* Directions *
Each entry below should be written out exactly as it is, with no pictures.
-.-.-
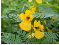
Partridge pea Cassia fasciculata 3.5" pot • Full Sun
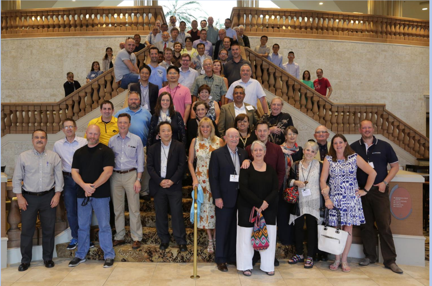
Several attendees gather on the stairs of the Caribe Royale for a photo before departing for the Group Dinner on Wednesday, June 22nd.
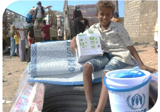
An IDP boy receives emergency supplies at a distribution site, where NFI and shelter kits were distributed to displaced Yemeni families in Taizz and Lahj governorates.

UNHCR has dispatched 200 Enhanced Emergency Shelter Kits (EESKS) and 500 Non-Food Item (NFI) kits to Taizz governorate, with an additional 200 EESKs and 700 NFIs on the way . Since early March 2021, the western borders of Taizz governorate have witnessed increased hostilities. Civilian infrastructure, including schools, markets and houses have been significantly damaged by recent clashes, resulting in at least 120 civilian casualties and a wave of new displacement, with over 1,000 families (7,000 individuals) newly displaced in Taizz since the beginning of the year. A Rapid Protection Assessment conducted by UNHCR partner INTERSOS revealed that those newly displaced are in urgent need of shelter, food, water, and protection assistance. Many displaced families are forced to share shelters — with an average of three to five families under one roof — limiting privacy and increasing exposure to communicable diseases and protection risks, particularly for women and girls. For further information, see UNHCR's Update on the humanitarian situation in Taizz.
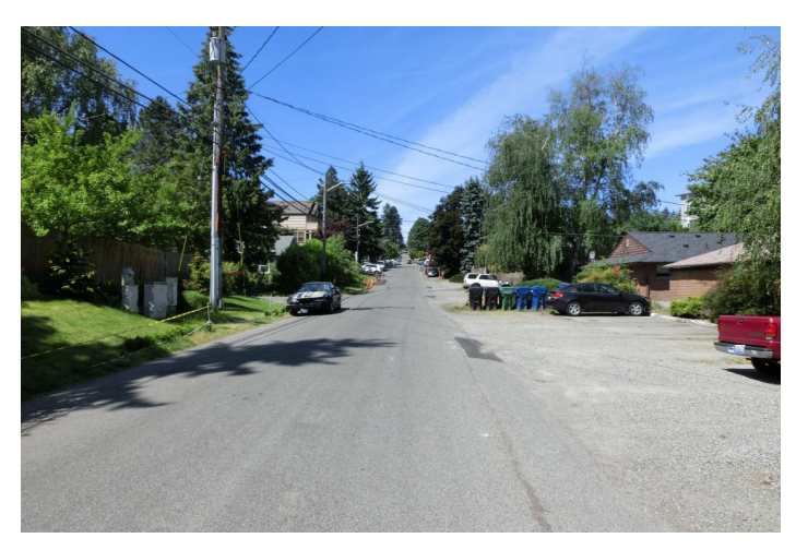
Power poles and other utilities are located on the south side of the street.
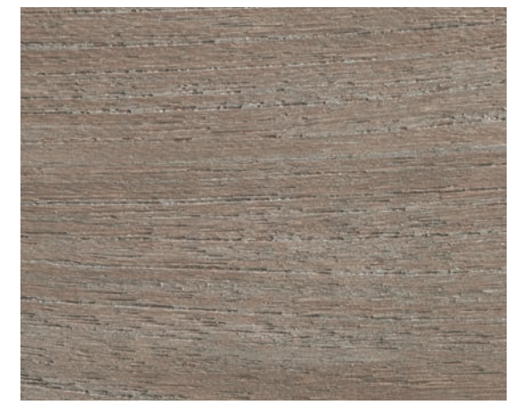
The patina turns to an elegant silver tone, with age.
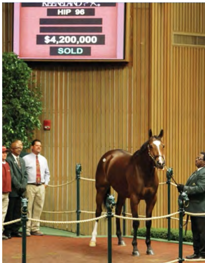
At $4.2 million, Plum Pretty is the highest-priced Pennsylvania-bred sold at public auction.

Brushwood Stable was the breeder of eight yearlings to sell for seven figures, the first High Yield in 1998 for $1.05 million. Four years later, full-brother Turbo Storm sold for $1 million. Both were by Storm Cat out of Scoop the Gold (by Forty Niner). Two other Brushwood mares had multiple seven-figure yearlings. Homebred Balistroika produced two million-dollar sales yearlings—Empress Olga (2004, by Kingmambo) for $1.5 million and Perfect-performance (2002, Rahy) for $1.1 million. Balistroika was also the dam of champion Russian Rhythm (2000,
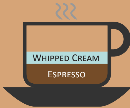
Espresso con Panna [ess-press-oh kon pawn-nah]
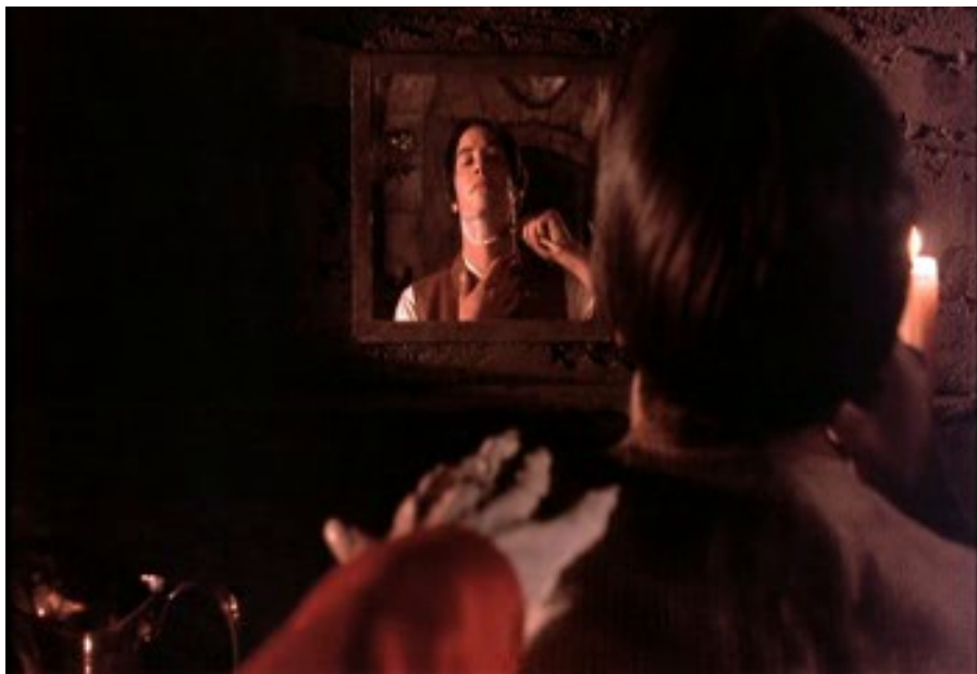
Our vampire cannot be seen inside of the mirror.
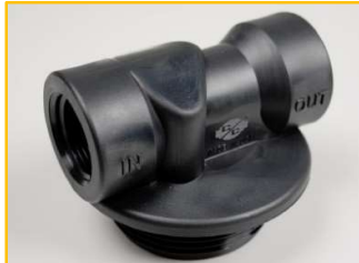
990S - D1226
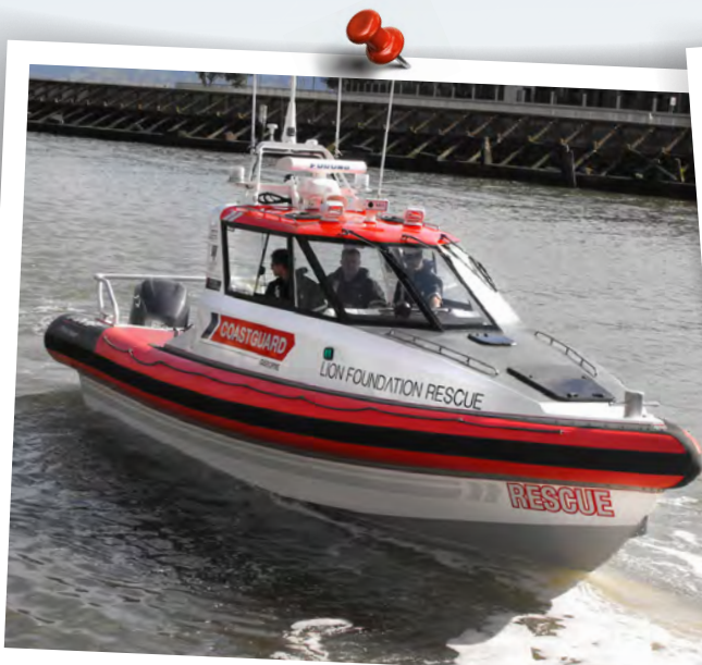
The crew aboard Lion Foundation Rescue battled big seas to rescue a Scottish couple and their beloved boat, Mazurka .

As a charity, our volunteers depend on your support to save lives at sea. It's thanks to you that thousands of people like the couple on board the Mazurka are rescued. Thank you!
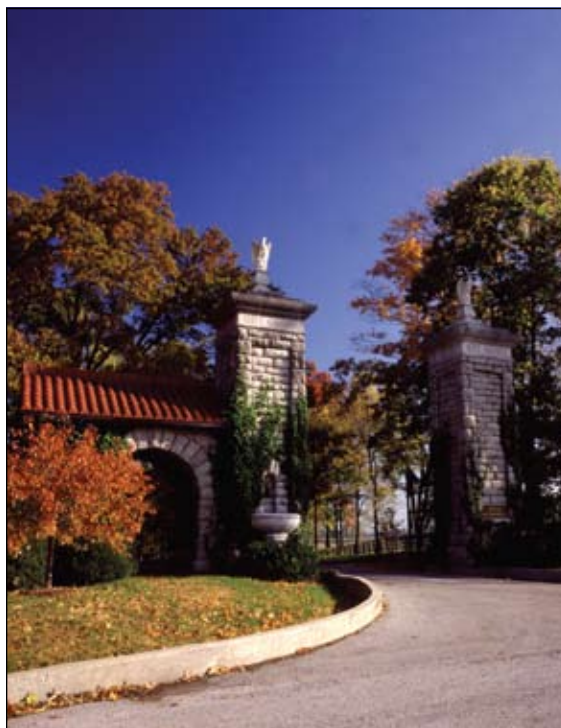
At Ashford Stud, the Home of Champions, in Versailles, KY, the Derby Package winners visited breeding sheds, talked with handlers, and were privy to a breeding by legendary Giant's Causeway.
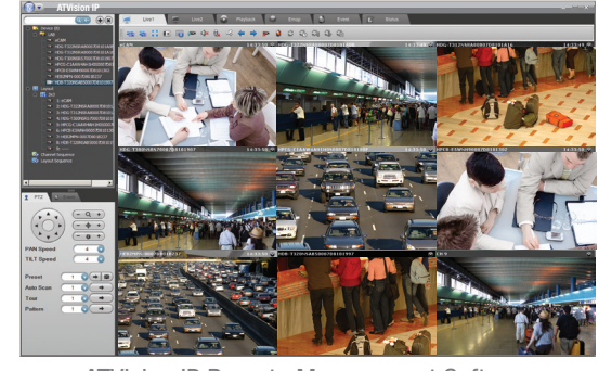
ATVision IP Remote Management Software
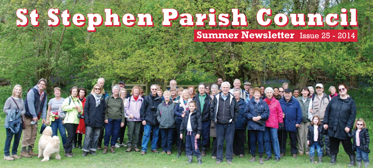
Parish Bluebell Walk
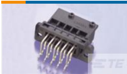
TE Part #1-963215-1 16P STIFTWANNE 3MM
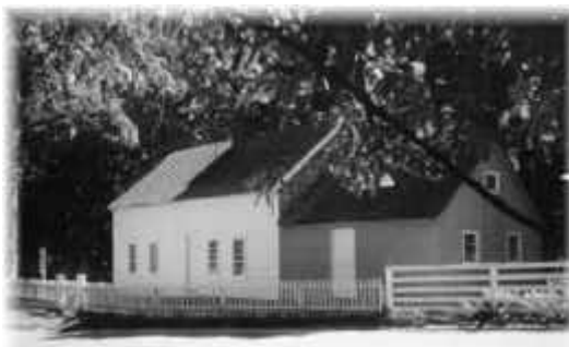
The Suydam Homestead located on Centerport Rd and Rte 25A

Please visit our 1730 Suydam House and Barn/Museum in historic Greenlawn-Centerport this weekend!;
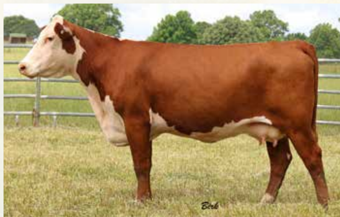
CMR Y449 731 LADY B212 - Lot 8
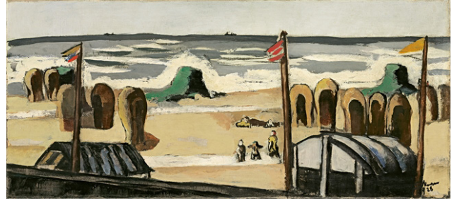
Max Beckmann. "Grauer Strand". 1928 Sold for € 1,765,000
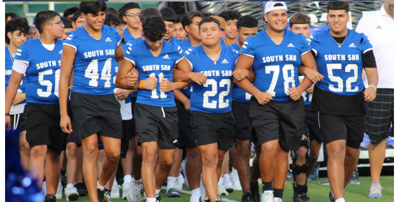
Multiple sports teams, cheer, dance, as well as clubs and organizations participate in Meet the Bobcats 2023.
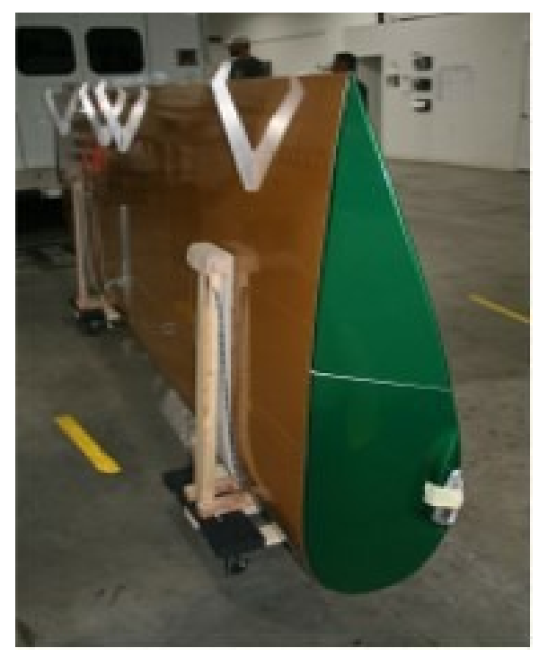
The wings have now been wrapped and look a lot better. This is how the wing looks to-day on the stand built by Frank.
-.-.-
* Solution to the exercise *
Partridge pea Cassia fasciculata 3.5" pot • Full Sun
Several attendees gather on the stairs of the Caribe Royale for a photo before departing for the Group Dinner on Wednesday, June 22nd.
An IDP boy receives emergency supplies at a distribution site, where NFI and shelter kits were distributed to displaced Yemeni families in Taizz and Lahj governorates.

UNHCR has dispatched 200 Enhanced Emergency Shelter Kits (EESKS) and 500 Non-Food Item (NFI) kits to Taizz governorate, with an additional 200 EESKs and 700 NFIs on the way . Since early March 2021, the western borders of Taizz governorate have witnessed increased hostilities. Civilian infrastructure, including schools, markets and houses have been significantly damaged by recent clashes, resulting in at least 120 civilian casualties and a wave of new displacement, with over 1,000 families (7,000 individuals) newly displaced in Taizz since the beginning of the year. A Rapid Protection Assessment conducted by UNHCR partner INTERSOS revealed that those newly displaced are in urgent need of shelter, food, water, and protection assistance. Many displaced families are forced to share shelters — with an average of three to five families under one roof — limiting privacy and increasing exposure to communicable diseases and protection risks, particularly for women and girls. For further information, see UNHCR's Update on the humanitarian situation in Taizz.
Power poles and other utilities are located on the south side of the street.
The patina turns to an elegant silver tone, with age.
At $4.2 million, Plum Pretty is the highest-priced Pennsylvania-bred sold at public auction.

Brushwood Stable was the breeder of eight yearlings to sell for seven figures, the first High Yield in 1998 for $1.05 million. Four years later, full-brother Turbo Storm sold for $1 million. Both were by Storm Cat out of Scoop the Gold (by Forty Niner). Two other Brushwood mares had multiple seven-figure yearlings. Homebred Balistroika produced two million-dollar sales yearlings—Empress Olga (2004, by Kingmambo) for $1.5 million and Perfect-performance (2002, Rahy) for $1.1 million. Balistroika was also the dam of champion Russian Rhythm (2000,
Espresso con Panna [ess-press-oh kon pawn-nah]
Our vampire cannot be seen inside of the mirror.
990S - D1226
The crew aboard Lion Foundation Rescue battled big seas to rescue a Scottish couple and their beloved boat, Mazurka .

As a charity, our volunteers depend on your support to save lives at sea. It's thanks to you that thousands of people like the couple on board the Mazurka are rescued. Thank you!
At Ashford Stud, the Home of Champions, in Versailles, KY, the Derby Package winners visited breeding sheds, talked with handlers, and were privy to a breeding by legendary Giant's Causeway.
ATVision IP Remote Management Software
Parish Bluebell Walk
TE Part #1-963215-1 16P STIFTWANNE 3MM
The Suydam Homestead located on Centerport Rd and Rte 25A

Please visit our 1730 Suydam House and Barn/Museum in historic Greenlawn-Centerport this weekend!;
CMR Y449 731 LADY B212 - Lot 8
Max Beckmann. "Grauer Strand". 1928 Sold for € 1,765,000
Multiple sports teams, cheer, dance, as well as clubs and organizations participate in Meet the Bobcats 2023.
The wings have now been wrapped and look a lot better. This is how the wing looks to-day on the stand built by Frank.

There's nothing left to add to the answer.